This is a summary of how we run our Epilog lasers and Zünd rotary knife cutters at our school model lab at the EPFL. Our students design in all kinds of software, including Rhino.
For the lasers, we run directly out of Rhino. The lasers have a printer-driver type interface so everything is done with just Print.
Unfortunately for the Zünd, there is no printer driver available, so it needs to be run with other software. The software that we use is Type3. It’s powerful but pretty painful to use. It can act as a machine control for the Zünd, but its DXF import is glitchy with certain types of objects.
We thus need to create a DXF export model that works both for Rhino and Type3. Rhino can take pretty much anything, but Type3 is a bit more particular, especially with polycurves – which is why they are set to export as Splines. Even with that, it doesn’t like degree 2 splines much. Programs like Vectorworks produce these with regularity.
The other reason for needing to create a special export model is that Default DXF scheme explodes polylines/polycurves, which is unwanted for either machine.
Exploded curves will be cut as separate entities, which can substantially lengthen cutting times and even lock the machines up if there are many, many small segments. Joined curves cut as one entity, which is much better. Both the Epilog laser and the Zünd can accept spline curves, so we like to leave them as splines if possible.
So, we create an export scheme where polylines/curves are neither exploded nor tessellated. This PDF explains how.

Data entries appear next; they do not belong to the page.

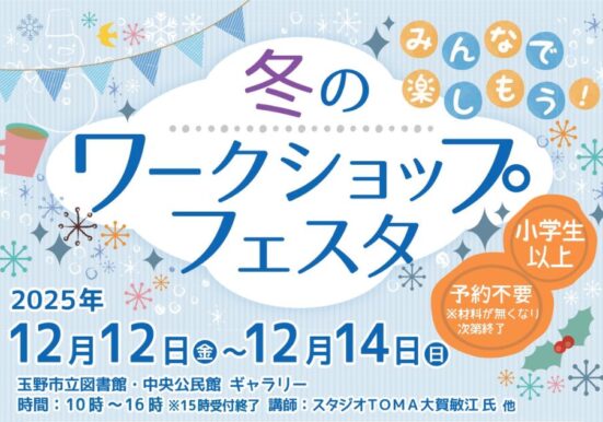 イベント EVENT イベントを条件検索 開催日 エリア カテゴリ 〜 選択した日付をリセット その他エリア 八浜エリア 宇野港周辺エリア 山田・東児エリア 日比エリア 渋川周辺エリア 玉周辺エリア 田井エリア 荘内エリア アート グルメ・物産 スポーツ・アウトドア 体験 祭り・伝統行事 自然・花 音楽 絞り込み検索 全70件中 12件表示 宇野港周辺エリア 冬のワークショップフェスタ 2025.12.12 〜 2025.12.14 開催 冬休みにモノづくりで楽しもう!◆講師:スタジオTOMA 大賀… 宇野港周辺エリア わくわく無料体験フェスタ 2025.11.29 開催 玉野競輪場(岡山県玉野市、運営:株式会社チャリロト)は、20… 宇野港周辺エリア UNO HOTEL 企画展 第1章 Dear Someone ー誰かを想うー 第2章 はじまりのかたち 工芸と書 2025.12.07 〜 2026.02.13 開催 UNO HOTELではふたつの章からなる企画展を開催いたしま… 宇野港周辺エリア 香害ってなんじゃろ?in OKAYAMA ~不安虫ちゃんの参加型パネル展2025 2025.12.10 〜 2025.12.23 開催 香害(こうがい)ってご存じですか?柔軟剤や消臭スプレー、除菌… このイベントは終了しました 宇野港周辺エリア 書道ライブパフォーマンス「海の恵みと芸術の旅」 2025.11.23 開催 地元出身の書道家・萌愛(もあ)氏によるライブパフォーマンスイ… このイベントは終了しました 宇野港周辺エリア SETOUCHI CONTEMPORARY 2025 2025.11.15 〜 2025.11.16 開催 玉野市で初めて開催される野外フェス『せとうちコンテンポラリー… このイベントは終了しました 宇野港周辺エリア みんな笑顔でユニバーサルデザイン落語会 2025.11.22 開催 『みんな笑顔でユニバーサルデザイン落語会』~世代も障害もこえ… このイベントは終了しました 宇野港周辺エリア 小学生かるた大会 2025.11.08 開催 玉野市立図書館 秋の読書週間の企画の一つ「小学生かるた大会」… このイベントは終了しました 宇野港周辺エリア エンディングノート活用講座 2025.11.07 開催 未来の安心は今日の一歩から~今後の時間を自分らしく~ 『エン… このイベントは終了しました 宇野港周辺エリア アメリカンフェス in TAMANOKEIRIN 2025.10.18 開催 週末を自由に楽しむ「アメリカンフェス」開催!― BBQ・車両… このイベントは終了しました 宇野港周辺エリア 勾玉づくりワークショップ 2025.11.09 開催 古代の出土品を学びながら、当時のアクセサリー(装身具)を作っ… このイベントは終了しました 宇野港周辺エリア 市電とバスまつり2025 2025.11.23 開催 ・市電廃線跡と交通遺産めぐり ー 宇高連絡船、国道フェリーの… 1 2 3 … 6
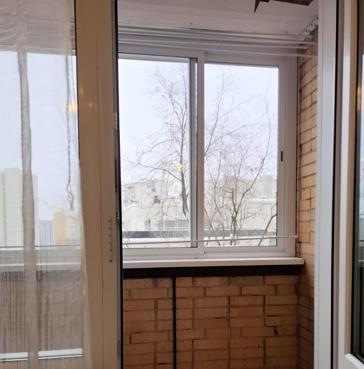Окна из 2-х комнат и кухни выходят во двор, из 1-й комнаты с балконом видно дорогу... Рядом есть сад, школа, торговые центры, кинотеатр.
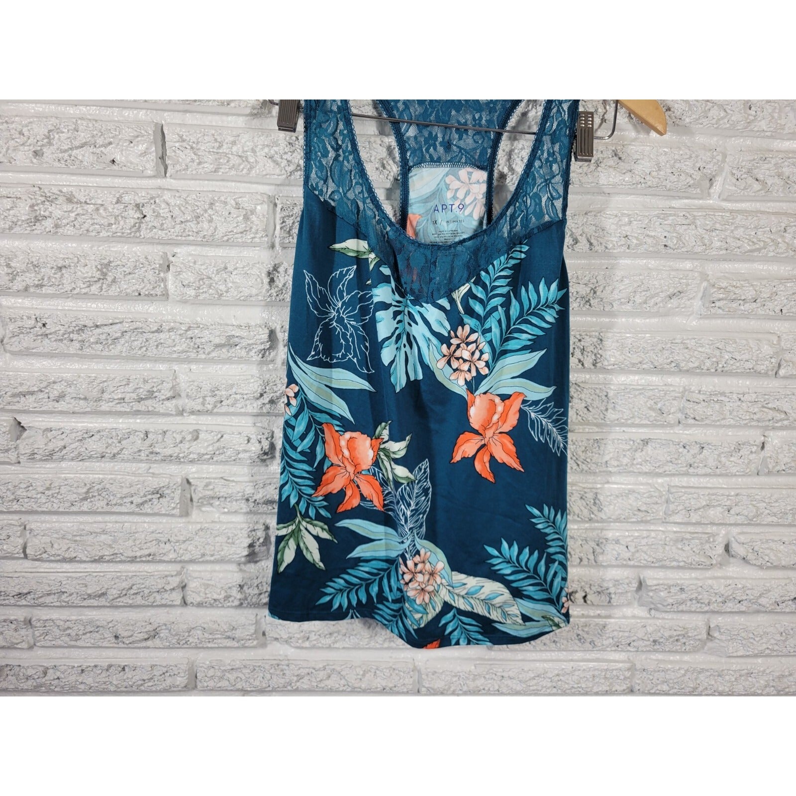 Add a touch of elegance to your sleepwear collection with this Apt. 9 Women Top in size 1X. The blue floral print is perfect for any season, while the lightweight poly blend fabric makes it comfortable to wear all year round. The sleeveless design and round neck neckline create a relaxed look, and the racerback lace details add a touch of sophistication. This pajama top is easy to care for as it is machine washable, making it hassle-free to maintain. It is perfect for lounging around the house or even as a casual top. Made in Cambodia, this top is not only stylish but also affordable. Elevate your sleepwear collection with this Apt. 9 Women Top and enjoy a comfortable and stylish night's sleep.
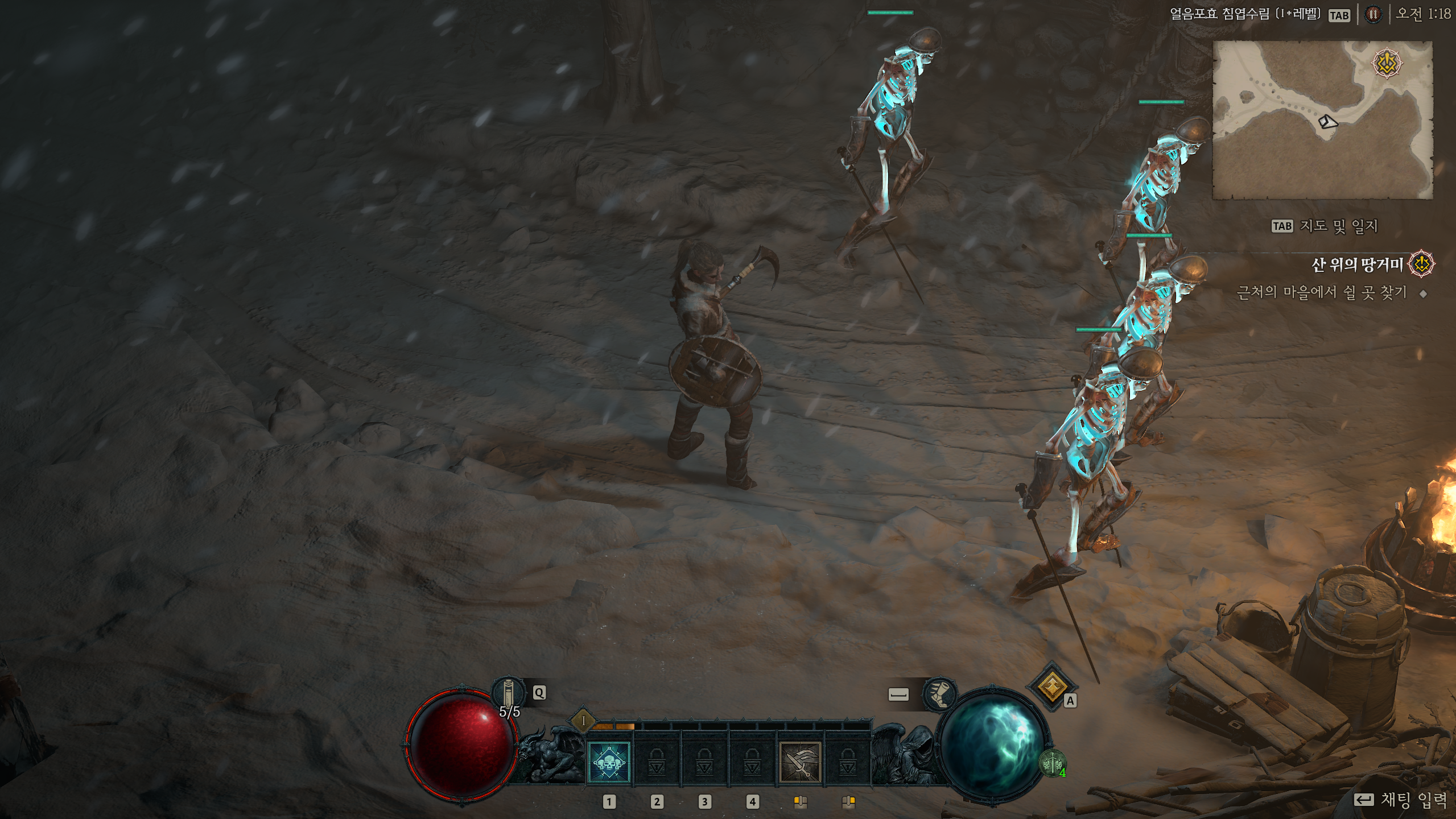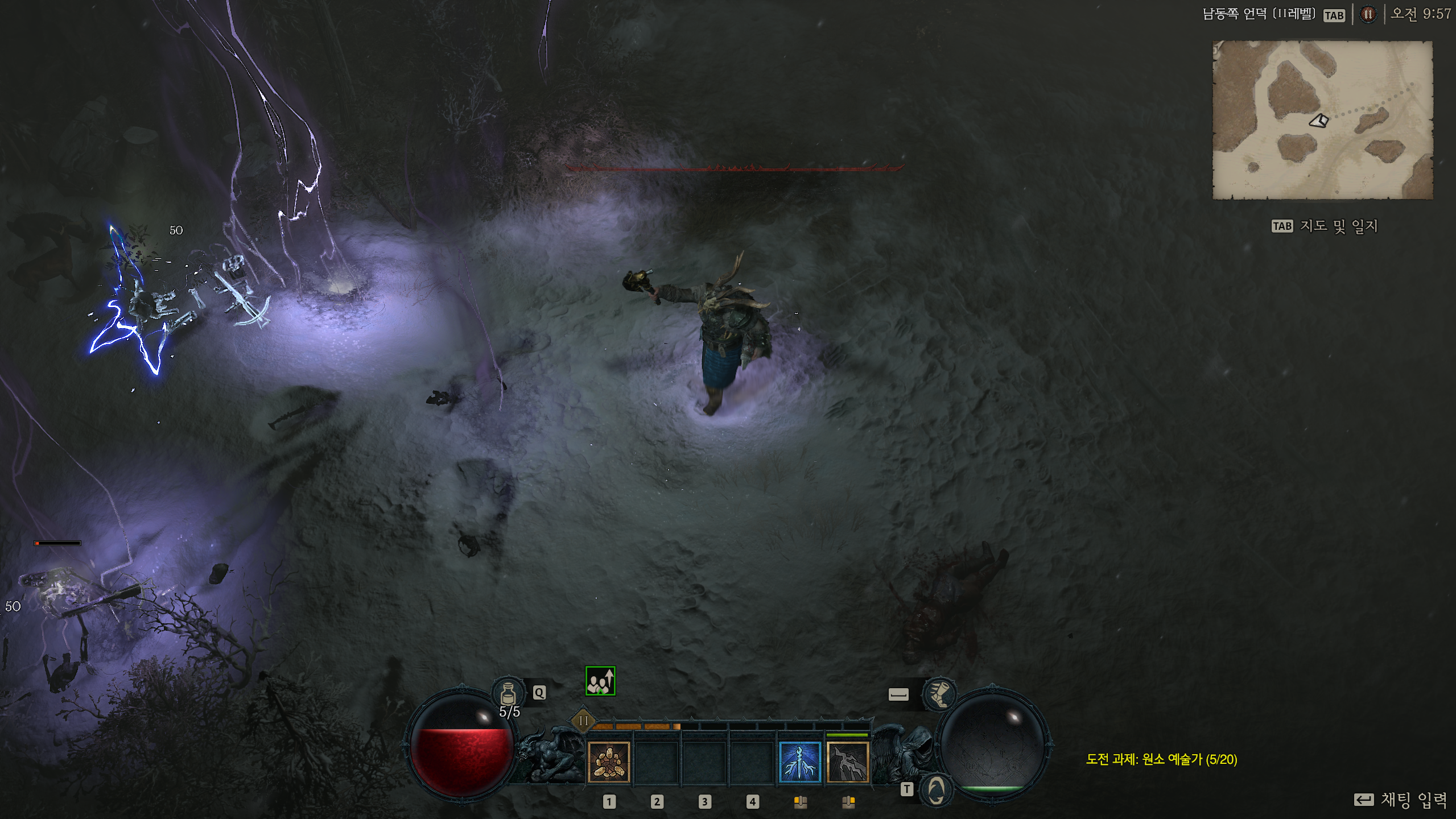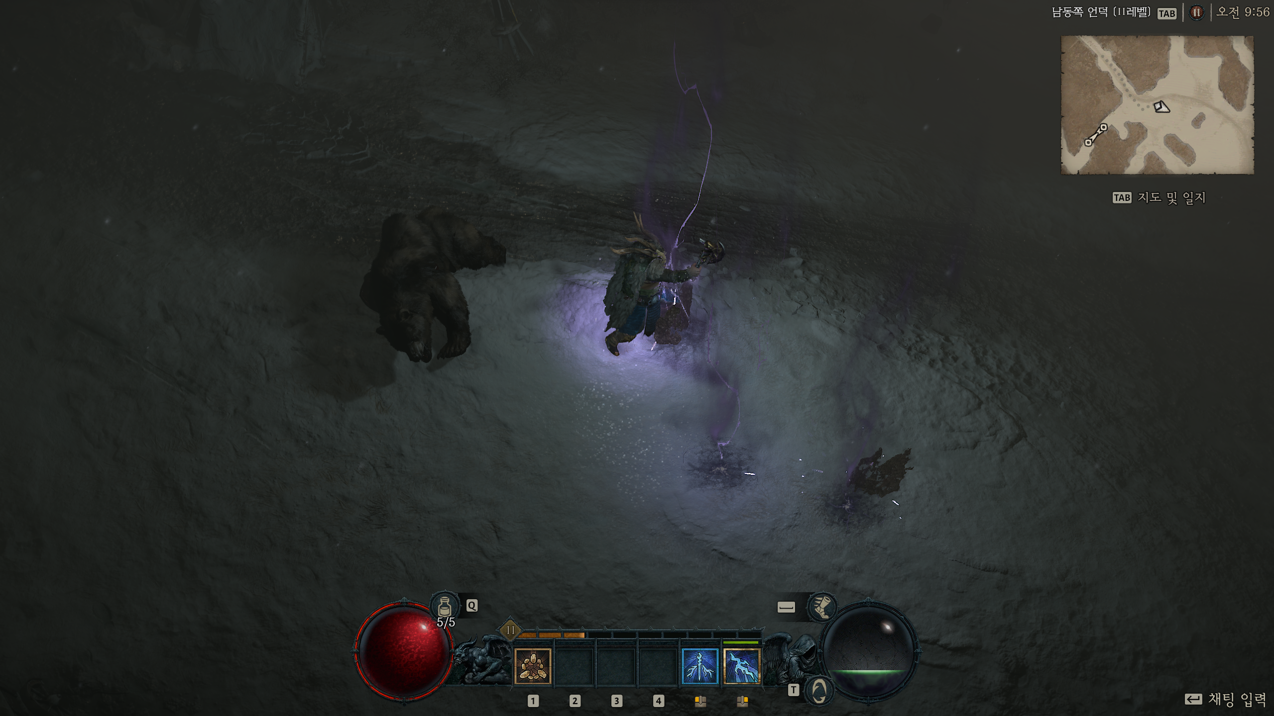 그래서 무기 설정은 양손무기가 아닌 한손 도끼나 철퇴 + 토템이었다. 토템에는 시전에 필요한 정신력 감소 옵션이 있어서 정확히 계산은 하지 않았지만 한손 무기의 빠른 속도 + 정신력 감소로 답답함은 해결했다.
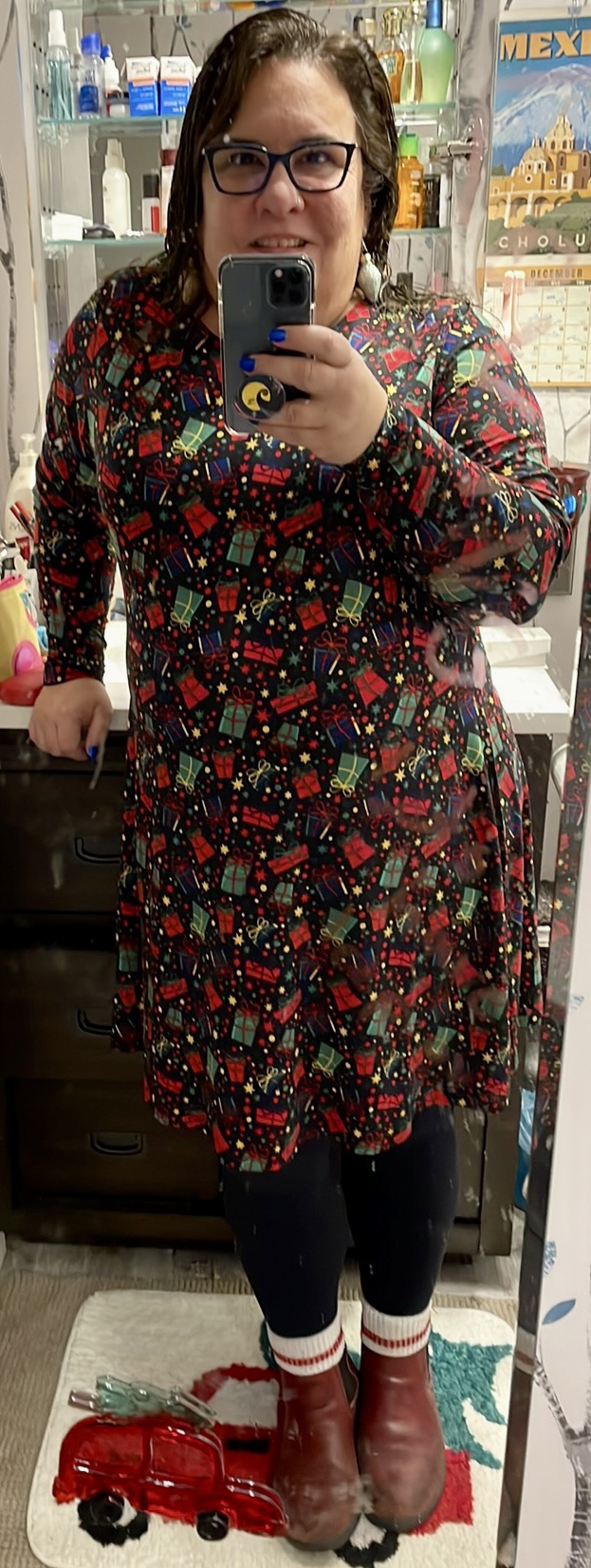 It was a day full of funny things and odd things and good things. I really was comfortable in my Walmart Christmas dress. I will have to buckle down tomorrow but it was nice to take a break.

Since the files are set up for 2-D cutting, in principle there shouldn’t be any surfaces in them. But if there are accidentally, we would rather have them come in as curves and not meshes, hence the appropriate setting in the export scheme above. The curves representing the surface edges will cut, whereas meshes won't.
In addition to the export scheme, we have a set of rules for setting up cutting files. The rules include how to lay out the geometry on the page, colors to use, size and spacing constraints, etc. If the rules are followed correctly, the student's files usually cut perfectly.